In concert, Garrett brings it on as if someone had a gun to his head. He’ll embellish a composition with improvisations so elastic they can stretch to encompass just about anything. Garrett accentuates his quicksilver solos with swashbuckling swagger, zooming through complex harmonics and turbulent rhythms. And like tenor titans Sonny Rollins and John Coltrane, Garrett can hold court for two hours—with fewer than four tunes.

Garrett has long expressed a desire to record a live date, but for now, the balls-to-the-wall scorcher Standard of Language will suffice—it’s the studio album that comes closest to capturing the intensity of Garrett’s live shows. Before recording it, Garrett toured extensively with his current quartet, which also includes bassist Charnett Moffett, drummer Chris Dave, and pianist Vernell Brown. Only when their electrifying synergy had reached its peak did Garrett bring his band into the studio.

In the person of producer Marcus Miller, who is better known for helming pop-oriented albums, the saxophonist found someone to craft succinct tracks from his extended improvisations. The CD opens with a hot-wired rendition of Cole Porter’s “What Is This Thing Called Love?”—and the romance it achieves is anything but the swooning, debonair variety. Garrett slashes through the melody, then blasts off into a rapturous, harmonically complex improvisation that recalls Coltrane’s “Giant Steps.” Dave’s hyperactive polyrhythms, Moffett’s jittery bass lines, and Brown’s barreling piano propel the circuitous sax solo with incredible velocity. The performance is almost overheated; when it concludes with a lissome calypso bounce à la Rollins’ “St. Thomas,” it becomes clear that for Garrett, this thing called love is really a passion for virtuosic showmanship.

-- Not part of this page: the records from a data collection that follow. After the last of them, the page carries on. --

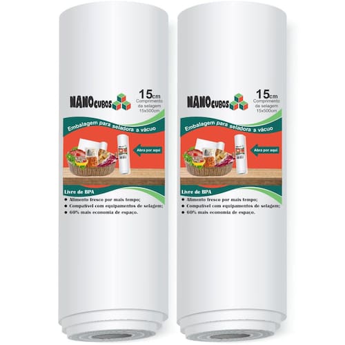 Kit 2 Rolos Nanocubos 15x500 Sacos Ranhura Seladora A Vácuo Embalagens 2 rolos NANOCUBOS 15 cm X 500 cm para seladoras a vácuo. Embalar produtos a vácuo é a melhor forma de mantê-los sempre protegidos por muito mais tempo. Ao embalar alimentos, a validade deles é completamente estendida, pois eles não terão nenhum contato com o ar e serão pouco afetados pela ação do tempo. Você pode embalar tanto alimentos crus como alimentos já preparados para serem consumidos em outro momento. Você economiza muito dinheiro e evita o desperdício Os sacos para vácuo Nanocubos são produzidos com alta tecnologia em Nylon Poli seguindo padrões de qualidade internacional. Possuem 12 micras, 3 barreiras de proteção, sem presença de BPA Não tóxicos e funcionam com equipamentos de embalagens a vácuo. Além de alimentos, é possível utilizá-lo com objetos pessoais, documentos ou utensílios, conservando-os como novos por muito tempo e aumentando sua vida útil.
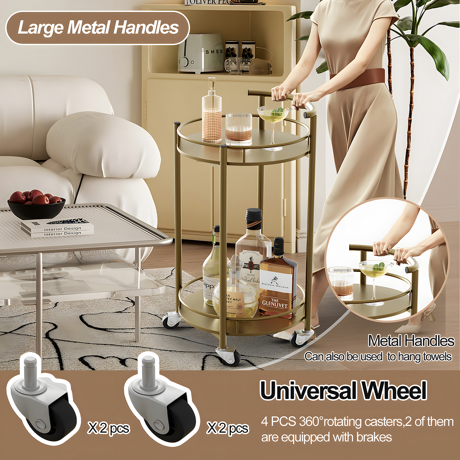 30X15 2 LEVEL GOLD KITCHEN CART
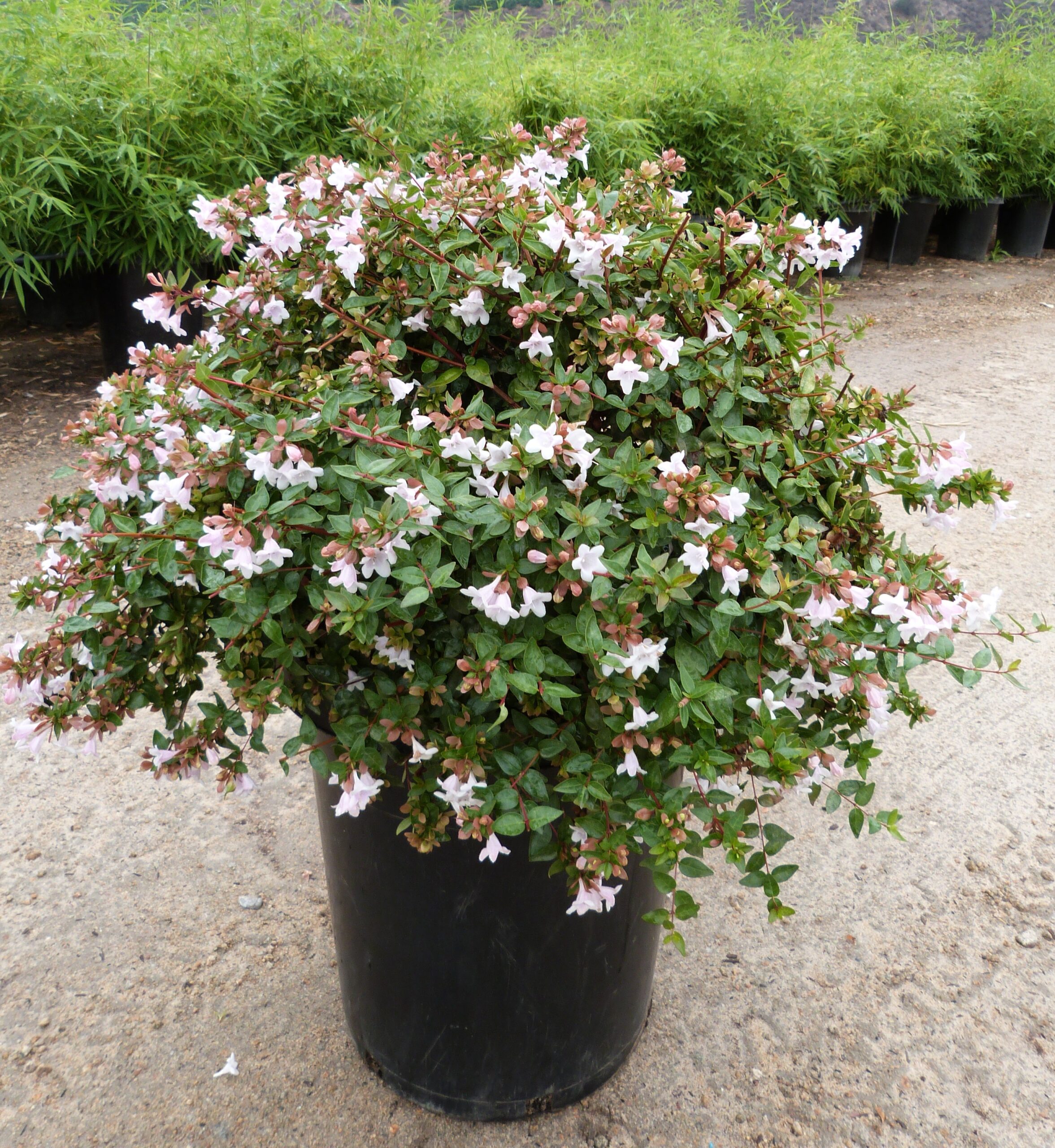 Abelia grandiflora is een populaire, halfwintergroene sierheester bekend om zijn weelderige, langdurige bloei van witroze, geurende, trompetvormige bloemen (juni-oktober) en glanzend, donkergroen blad dat in de herfst brons/rood kleurt. Deze sierlijke struik groeit bossig en uitgespreid (tot ~150 cm), is aantrekkelijk voor bijen, en verkiest een zonnige, beschutte plek met goed doorlatende grond. De plant is redelijk winterhard, maar kan bescherming nodig hebben bij strenge vorst
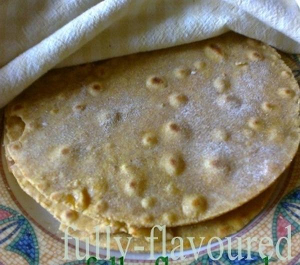 Na placki:· 160 g mąki kukurydzianej· 100 g mąki orkiszowej pełnoziarnistej· 1 jajko· 1/2 szklanki mleka· 1 łyżeczka soli· 3 łyżki oliwy spod suszonych pomidorów· szczypta proszku do pieczeniaZ podanych składników wyrabiamy ciasto- łączymy mąkę z solą, proszkiem do pieczenia, dodajemy jajko, oliwę oraz stopniowo mleko. Zagniatamy ciasto. Odstawiamy przykryte ściereczką na około pół godziny. Po tym czasie dzielimy ciasto na 7-8 części (tyle powinno wyjść placków), wałkujemy, wykrawamy okręgi - za pomocą talerzyka. Smażymy na suchej teflonowej mocno rozgrzanej patelni z każdej strony do momentu aż zaczną pojawiać się pęcherzyki, a ciasto nieco zbrązowieje. Odkładamy na stosik. Aby tortilla lepiej się zwijała, placki można przykryć wilgotną ściereczką.Farsz do tortilli jest już tylko kwestią naszej wyobraźni. Ja na dziś proponuję lekki farsz warzywny.
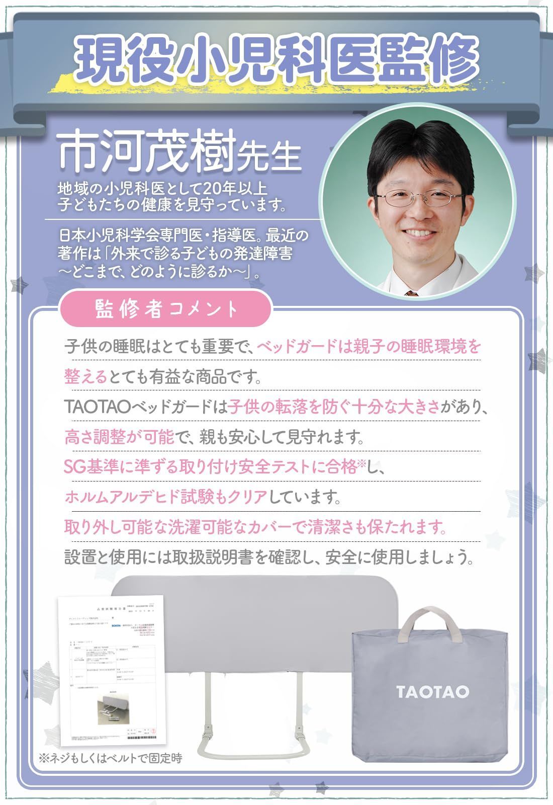 【現役の小児科医と共同開発】TAOTAOベッドガードは、子供がベッドから転落するのを防止するのに十分な大きさがあり、高さ調整も可能で、子供の安眠をサポートします。 それによって親も安心して、子供を見守ることができます。

And that track pretty much sets the pace for Language. About two-thirds of the way into the modal “XYZ,” Garrett’s supple improvisation gives way to bloodcurdling screeches. On the smoldering “Chief Blackwater,” that piercing alto rides roughshod over thick layers of rhythm. And on the three-part title track, which features Eric Harland replacing Dave, the quartet charges through a series of motifs as herky-jerky as a bumper-car ride.

With so much virtuosity on display, it would be easy to dismiss Language as an overwrought blowing session. But the album reveals as much brain as it does brawn. Garrett’s gift for intriguing rhythms and inimitable melodies shines through on “Kurita Sensei” and “Gendai,” both of which illustrate his interest in Japanese culture. “Kurita Sensei,” dedicated to his former Japanese-language teacher, waltzes in a rather conventional 6/8, but its tricky Morse-code groove and serpentine melody toss you off balance, demonstrating Garrett’s deftness at building idiosyncratic compositions. “Gendai” starts at the same tempo, but it quickly gives way to a 4/4 swing that drives a knotty little melody.

Garrett’s golden moment as a composer here, however, is the picturesque “Doc Tone’s Short Speech,” a tribute to the late keyboardist Kenny Kirkland. The mood is more meditative than most of Language, but it’s still rhythmically adventurous. A luring montuno figure buoys Garrett’s improvisations, which are more akin to Wayne Shorter’s at his most reflective than Coltrane’s emotive exorcisms.

It’s only on “Native Tongue” that Language falters. Here, Garrett recalls the pop-oriented melodies and song structures that marred earlier albums such as Happy People and Simply Said. On both, Garrett flirted with R&B and funk vamps, and the result was listless pap. There’s no denying that such R&B players as Maceo Parker and King Curtis have influenced Garrett’s playing. And Garrett has long pursued side gigs with non-jazz-artists such as Cameo, Youssou N’Dour, Q-Tip, and Sting. But when the saxophonist tries to incorporate pop’s melodic sensibility into his instrumentals, the up-tempo cuts lack fire and the ballads drip with sentimentality. “Native Tongue” is no exception: The sugary melody and airy rhythm sound more appropriate for an early-morning talk-radio show than a late-night jam session.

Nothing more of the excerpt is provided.